The above full missions contain the following:
- A control room with consoles which house main engine controls, plant alarm, generator control, pump and compressor controls, with full sound and environmental conditions.
- Engine area located on two levels, with full sound and environmental conditions.
- Watch keeping cabin with full alarm panel for UMS operations.
- Emergency switchboard room.
In addition to the two full mission simulators we have two simulation suites, each with multiple standalone workstations, all capable of running the following engine types:
- Various slow speed diesels (MAN MC90 and Wartsila RTA FLEX).
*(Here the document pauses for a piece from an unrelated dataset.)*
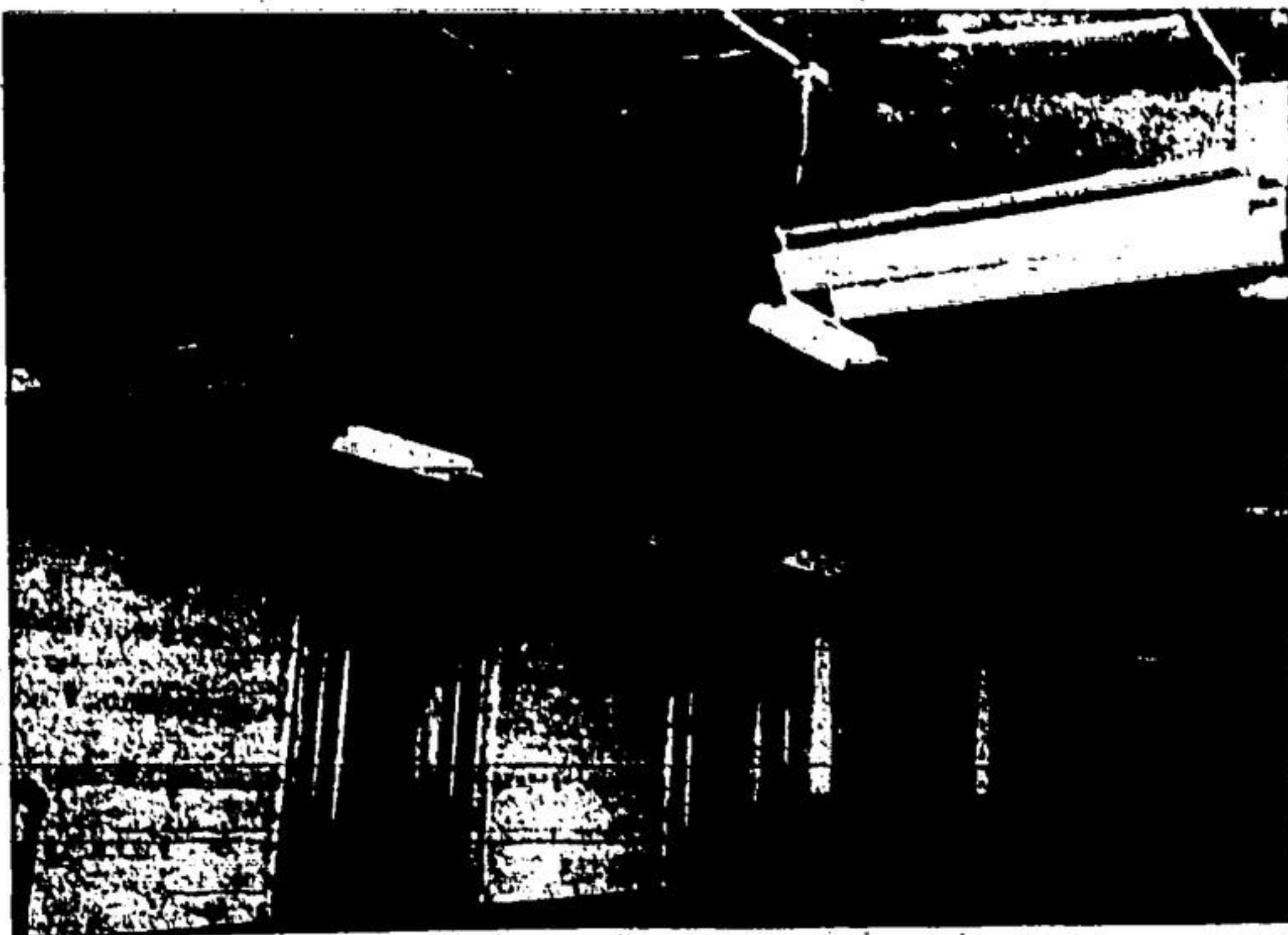
Interior view of Warehouse area showing overhead infra red heaters and new lighting system.

We are proud to have been chosen as Contractors and Suppliers for ELECTRICAL WORK and HEATING UNITS

- Medium speed M22 Pielstck twin diesels, with twin screw.
- Duel fuel steam turbine plant.
- Medium speed diesel electric plant.
- Gas turbine plant.
- Offshore AHTS
Human Element Leadership and Management (HELM) & Training Crew Resource Management Training (CRM)
Human Element Leadership and Management (HELM) issues have in recent times received some high profile publicity. Our simulation system allows bridge to engine connectivity, enabling us to carry out real-life ship operational scenarios as training exercises. There really is no substitute for training exercises which simulate a real-life situation in real-time with the ship’s teams working together as one. This training will ensure that engine room and bridge personnel function more effectively as a cohesive team and gain a much greater understanding of the challenges and demands of each other’s working areas.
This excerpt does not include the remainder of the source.